Потом шар окутывали прозрачные покрывала.

Господи, ну какое мне до всего этого дело? Имею ли я право жертвовать минуты своей жизни на какой-то там закат, на жалких коз?

Вот так бесцельно сидеть у окошка, курить и восхищаться агонией очередного дня, вспоминая Гринфилд, ведь это было страшно давно, чуть ли не до нашей эры, во времена мифические, и нельзя понять, почему сейчас картины прошлого всплывают, подчиняясь родовой памяти, пробуждаются в каких-то генных цепочках, потому-то и не удается стряхнуть с себя воспоминания. Давно все это было, жизнь тогда все еще имела вкус и не набивала отвратительной оскомины, как теперь; давно это было и давно сгинуло, остался лишь бесприютный запах мертвечины, витающий над руинами. Закат ли предал все это огню или неумолимо надвигавшийся хаос? Я не оплакиваю ни тот домик, ни тех коз, но неужто нет в этом мире хоть чего-нибудь, за что можно ухватиться, чего-то долговечного и доброго? Как тут не наложить на себя руки, видя, как всё исчезает.

Не исчезает, а умирает.

Исчезая, вода, плоть, любовь, надежда, дым включаются в круговорот и через день, через год или через век возрождаются, вновь становятся водой, плотью, любовью, надеждой, дымом, а мертвое остается мертвым на вечные времена, перестает думать, согревать, любить. Полуразложенное, аморфное, оно сидит и буравит тебя взглядом сквозь мутное от грязи стекло воспоминаний, близоруко пялится на твою не удостоенную очищению душу и злорадствует: "Конечно!" От этой безнадежности ссыхаешься, становишься прозрачным под его взглядом, краснеешь от неловкости за то, что все еще жив. И чем, спрашивается, чем мертвое заслужило себе такое уважение?

Сижу у окна, покуриваю и размышляю о безвозвратности утрат - о маме и, наверное, о радости тоже.

Признаться, я порой сам ловлю себя на склонности всё преувеличивать, на том, что даю слишком большую волю фантазии: не всё было так худо, как кажется сейчас. Но как приятно преувеличивать, думая о хорошем.

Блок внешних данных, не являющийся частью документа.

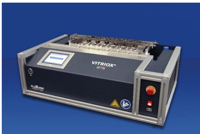
Figure 1: VITRIOX GAS

In the case of the gas-based VITRIOX GAS , the crucible and the casting dishes are heated from below by a flame. The flame is formed from gas (propane, butane, natural gas) and oxygen (compressed air and oxygen). The relationship between gas/air/oxygen ultimately determines the temperature of the flame and therefore the temperature in the crucible. It is important that each burner is individually adjustable so that the temperature for each burner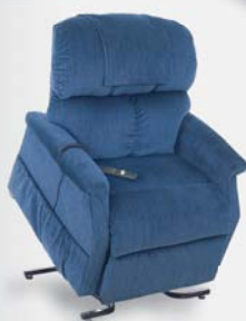
Comforter Small Wide PR-501S-23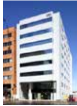
Akita Sanno 21 Building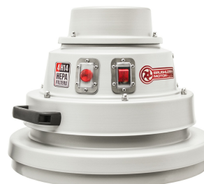
Longer Life Brushless Motor Available (always with 4 x H14 HEPA filters)

Преувеличивать хорошее каждому приятно. Не верю я бородатым подонкам, утверждающим, будто человеку изначально присуще стремление к мерзостям и насилию. Не верю! В человеке много хорошего, как разноцветных стекляшек в щелях брусчатки на летней улице, да только он сам подавляет в себе хорошее.

Вот чего я не в состоянии понять: зачем мы душим в себе добро?

Зачем заваливаем его булыжниками, а сверху водружаем тяжелую плиту притворства, не давая ему шевельнуться, дышать, беспокоить нас? Замучаем добро, а потом не жалея слез оплакиваем, скорбно шагая за катафалком. Уважаем не живое, не чистое, а мертвое уважаем.

Сижу у окна, покуриваю, справляю поминки по всему доброму, ежеминутно умирающему рядом. Когда умер дедушка, моросил отвратительный октябрьский дождь, могилу залило и гроб не желал опускаться на дно.

Пришлось привязать к нему камни. Мне думалось: мы хоронили самое милосердие, покинувшее нас сострадание в клетчатых брюках и в пенсне, с остановившимся хронометром на золотой цепочке - хороним в луже и камнями заваливаем для верности.

Что ж, пропади тогда пропадом, добро, не нужно ты мириадам живых атомов, обернись хаосом, раз мир решил, что из всего сущего убийству подлежит едиственное, в чем есть толк.

Я вырос среди тишины и дикого величия. С остальной частью Вселенной нас связывали две нити.

Они тянулись от белых чашечек изоляторов под стрехой, потом вдоль тропинки, с отчаянной самонадеянностью перепрыгивали ворота и бежали вверх по склону холма, добирались до ближайшего сеттльмента, потом до города, до столицы штата, до всего мира, чью огромность невозможно было вообразить. Эти нити делали нас причастными к обитаемой части Космоса, все свое общение с ним мы как раз через них и осуществляли.

В сочельник выключался ток, что служило сигналом зажечь свечи и спеть песенку о серебряных колоколах (выпив, отец пел невнятно, мама - вытирая слезинки и не сводя с меня глаз, я - с жарким воодушевлением).

Больше никаких CMI палок мироздание нам не отправляло.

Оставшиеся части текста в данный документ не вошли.